The minutes went on:
Furthermore, members noted growing signs of a mindset among businesses that any cost increases could be passed on to consumers.
Really? It’s November 2023. Where has the RBA been for the past 18 months as businesses have maintained and increased profit margins by passing on external, supply-side cost increases to consumers? (Well, it’s spent it in an increasingly embarrassing denialism about the role of greedy businesses in pushing up inflation — despite its central banking colleagues in the US and Europe and institutions such as the OECD and the International Monetary Fund detailing the precise role of profits in the current bout of inflation.)
But it’s the nearest the RBA has come to admitting that business’ desire to protect or fatten profit margins and earnings (and protect their pay and bonuses, and give shareholders buybacks and limit dividend cuts) is playing a major role in boosting inflation — and expectations of higher inflation — in future months or years.
And what’s the RBA’s response to what it finally, belatedly acknowledges is driving inflation?
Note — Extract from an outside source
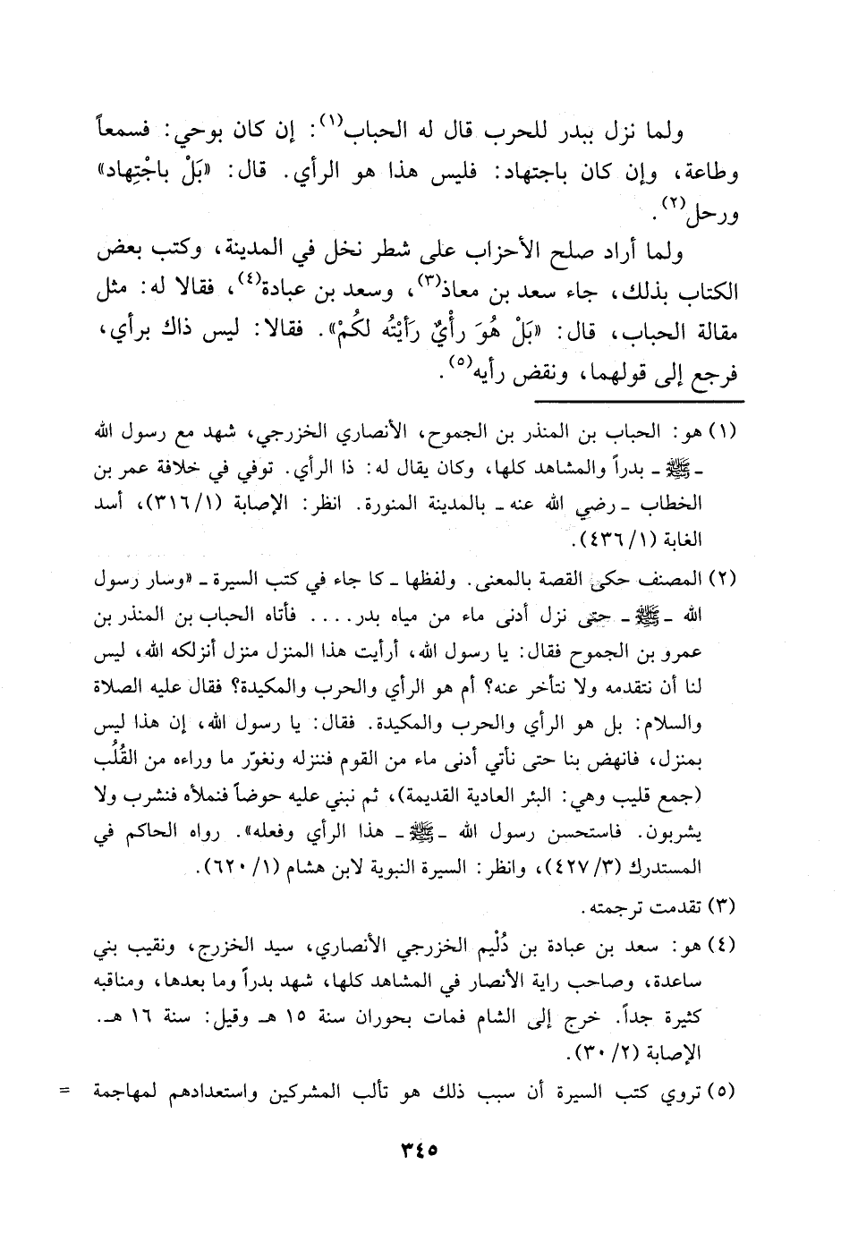 2 المصنف حكى القصة بالمعنى. ولفظها- كما جاء في كتب السيرة – وسار رسول الله -صَلَّى اللَّهُ عَلَيْهِ وَسَلَّم-حتى نزل أدنى ماء من مياه بدر..... فأتاه الحباب بن المنذر بن عمرو بن الجموح فقال: يا رسول الله، أرأيت هذا المنزل منزلًا أنزلكه الله، ليس لنا أن نتقدمه ولا نتأخر عنه؟ أم هو الرأي والحرب والمكيدة؟ فقال -عليه الصلاة والسلام: بل هو الرأي والحرب والمكيدة. فقال يا رسول الله، إن هذا ليس بمنزل، فانهض بنا حتى نأتي أدنى ماء من القوم فننزله ونغوِّر ما وراءه من القُلُب "جمع قليب وهي: البئر العادية القديمة" ثم نبني عليه حوضًا فنملأه فنشرب ولا يشربون. فاستحسن رسول الله -صَلَّى اللَّهُ عَلَيْهِ وَسَلَّم-هذا الرأي وفعله". رواه الحاكم في المستدرك "3/ 427"، وانظر: السيرة النبوية لابن هشام "1/ 620".

Is it to call out the big business mates of the RBA board members? Is it to call on the government to more aggressively pursue regulatory measures such as price monitoring, to expedite measures to toughen competition laws, even to consider price caps across a greater range of industries to combat profiteering? All of these things are within its remit, and it’s made similar calls previously on fiscal policy and wages policy.
Nope. Its response is: “Members assessed that tightening monetary policy at this meeting would help to mitigate the risk of an unwelcome rise in inflation expectations.”
Yep, ignore the corporations that are boosting their profits under the cover of inflation and punish their victims instead. What else would you expect from a central bank dominated by neoliberal ideology and big business representatives?
The minutes also identify growth in unit labour costs as a worrying sign of “weak productivity outcomes”, something Bullock also mentioned at an ASIC conference yesterday. The RBA has been complaining for months about wages growth without productivity.
Curiously, the minutes specifically stated: “The outlook for wages growth had been revised a little lower in the near term based on the signal from timely indicators. Liaison with firms suggested that there had been a moderation in wages growth in some jobs and industries, such as business services and construction.” But almost as if Bullock didn’t want to let such facts get in the way of a good story, the governor complained about wages growth of 4% at the conference. So which are we to believe, Bullock or the minutes?
The obsession with productivity is despite the fact that Australian workers are working longer hours than ever and that the chief impediment to productivity growth is a sluggish economy — due to the RBA’s rate rises — that means those extra hours aren’t translating into comparably higher output.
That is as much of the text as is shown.